Obama believes in American exceptionalism, except he believes we are exceptionally prone to mass murder.
After the shootings in San Bernardino Wednesday in which a couple killed 14 and they themselves were killed by police, Obama said, “We don’t yet know what the motives of the shooters are but what we do know is that there are steps we can take to make Americans safer. We should never think that this is just something that just happens in the ordinary course of events because it doesn’t happen with the same frequency in other countries.”
He said this country’s record of mass shootings “has no parallel anywhere else in the world,” and said the U.S. needs stronger gun controls to prevent such events.
Speaking to reporters in Paris the day before, Obama addressed the shooting in Colorado Springs at an abortion clinic, saying, “I mean, I say this every time we go one of these mass shootings, this just doesn’t happen in other countries.” Yes, he was in Paris, the scene of the recent massacre of 129 people and the wounding of hundreds more.
But John R. Lott Jr., writing in Investor’s Business Daily and prior to Wednesday’s shooting, begs to differ and does the math.
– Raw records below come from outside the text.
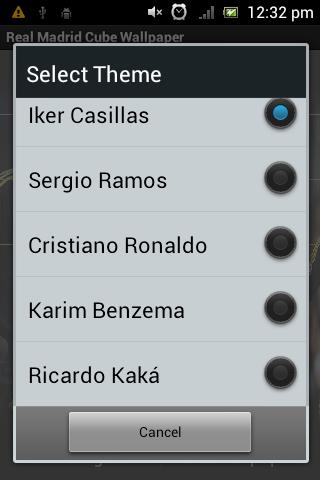 For Real Madrid C.F Fans!Enjoy Madrid's Players in 3D cube live wallpaper.Configurable theme and animation.Available theme:- team - Iker Casillas- Sergio Ramos- cristiano ronaldo - Karim Benzema- Ricardo KakaHow to use:Long press on home screen -> Wallpaper -> Live Wallpaper -> Real Madrid Cube WallpaperAny feedback will be appreciated
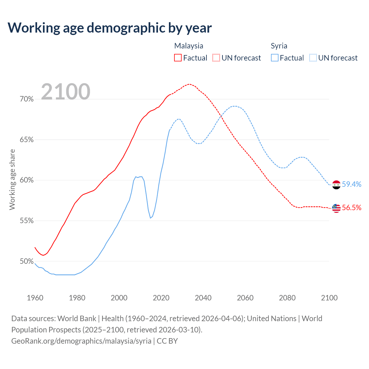 - Malaysia has 25.7M working age adults (aged 15-64) vs 17.7M in Syria.
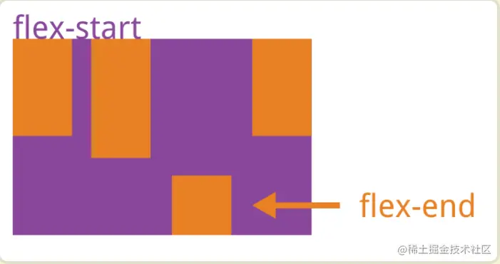 - flex-end:与交叉轴的终点对齐
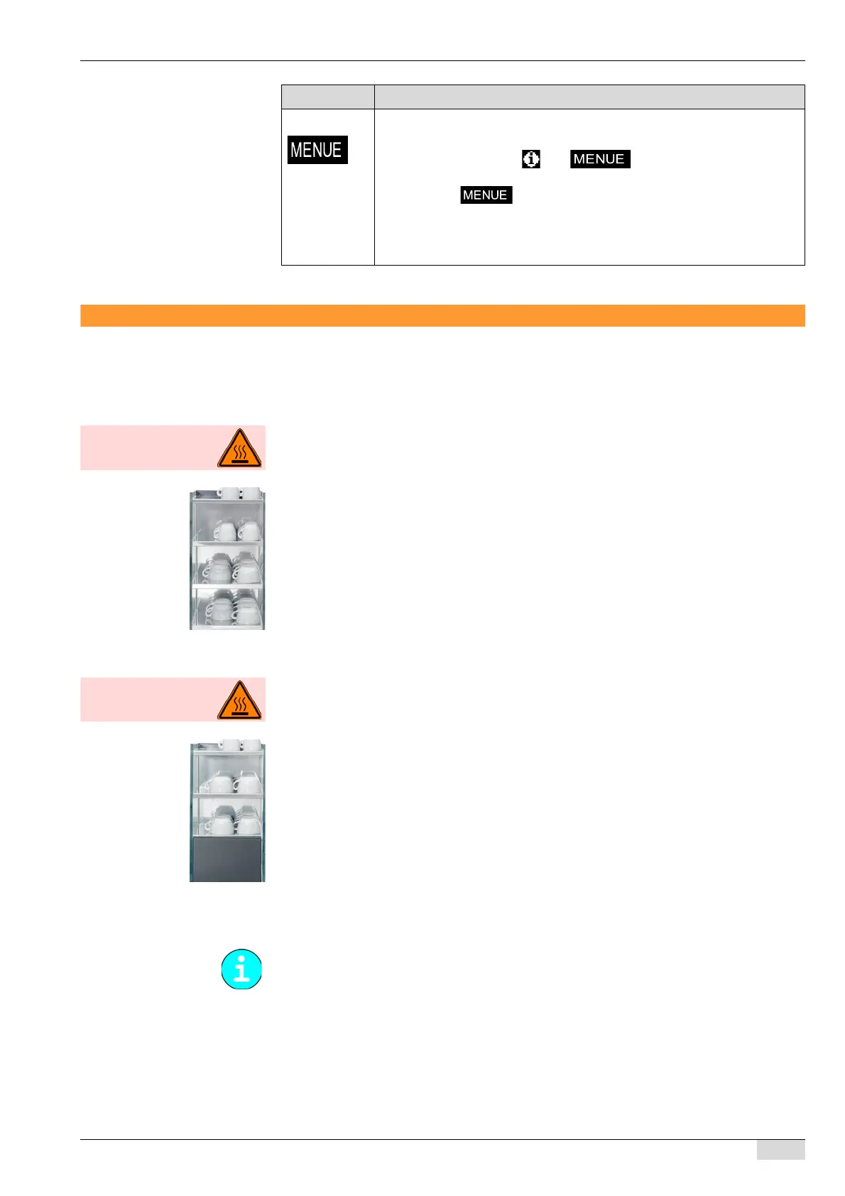 ► Place cups on the heated storage surfaces.
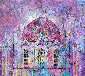 The buildings stand as silent spectators, holding within them the life and pulse of the city. In this scene, the light dances across their surfaces, revealing how the same illumination transforms each detail — windows, doors, and delicate wall motifs catch the light differently, each casting its own distinct mood. The painting captures this quiet dialogue between structure and sunlight, where every element tells a silent story.
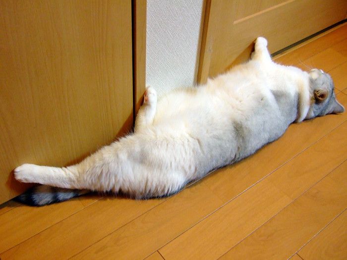 青年期まっ只中だった頃、うには5キロ越え、もーちゃんは6キロ越えの大きな猫だったんです。その大きな猫たちが、胴体をダラ~ンと伸ばし、全力で手足をぐぐーっと伸ばしていると・・・・・それはもう、とてつもない長さになるのですよ!
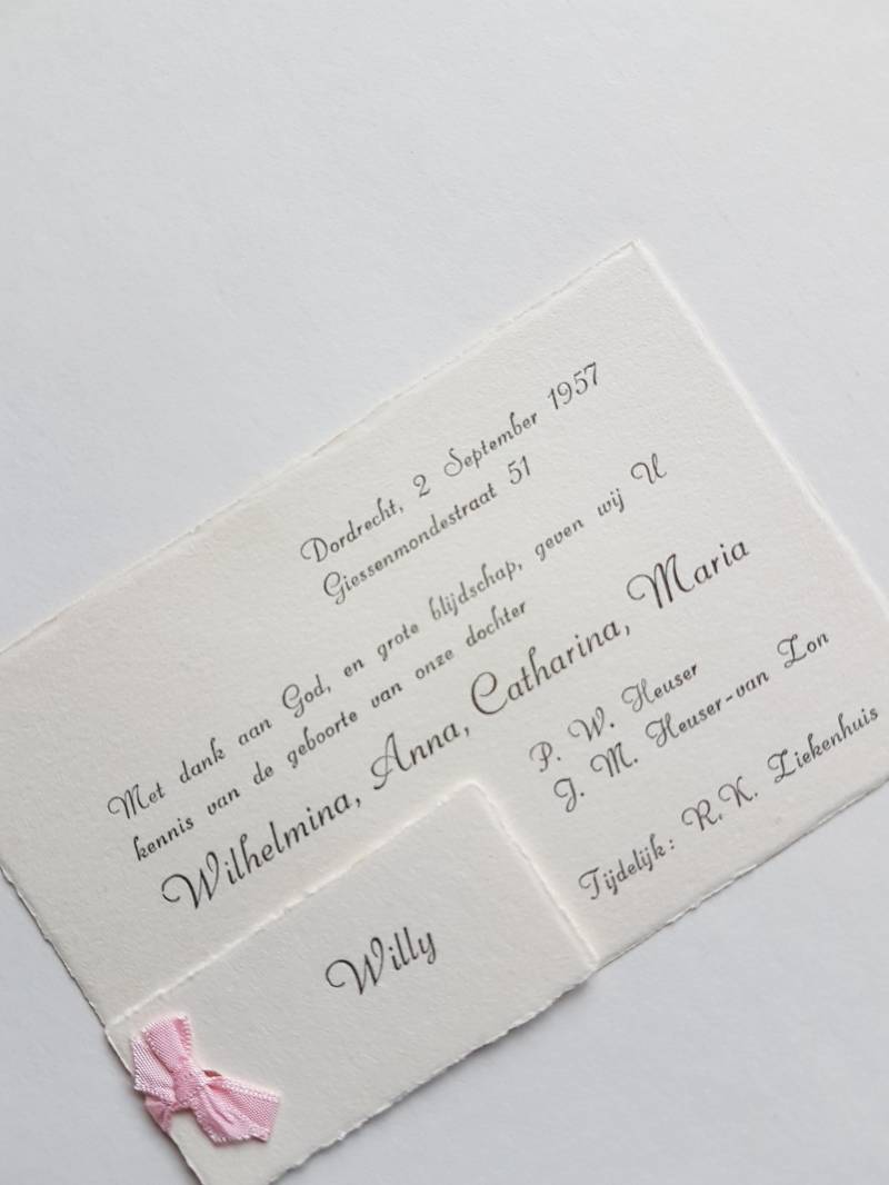 De keuze van mijn ouders om mij Willie te noemen heb ik nooit begrepen. Niet dat mijn naam niet bij mij past, maar omdat mijn oudere nichtje ook al zo heette. Op mijn geboortekaartje staat Willy, zie je wel. Geen idee waarom ik er zelf Willie van heb gemaakt. Ik vind het lekkerder schrijven, dat wel. Aan de klank of de betekenis is niks veranderd.

Lott notes that in 2015 alone France has suffered more casualties due to mass shootings than the U.S. has had during Obama’s entire presidency — 508 to 394, plus the 35 from San Bernardino, 37 if you count the shooters.
The U.S. actually ranks eighth per capita in mass public shooting fatalities, Lott calculates, well behind European countries with far more strict gun control laws. “Macedonia had a rate of 0.38, Serbia 0.28, Slovakia 0.20, Finland 0.14, Belgium 0.14 and the Czech Republic 0.13,” he writes. “The U.S. comes in eighth with 0.095 mass public shooting fatalities per million people. Austria and Switzerland are close behind.”
Something surely needs to be done, but it helps to start the dialogue with facts instead of false rhetoric.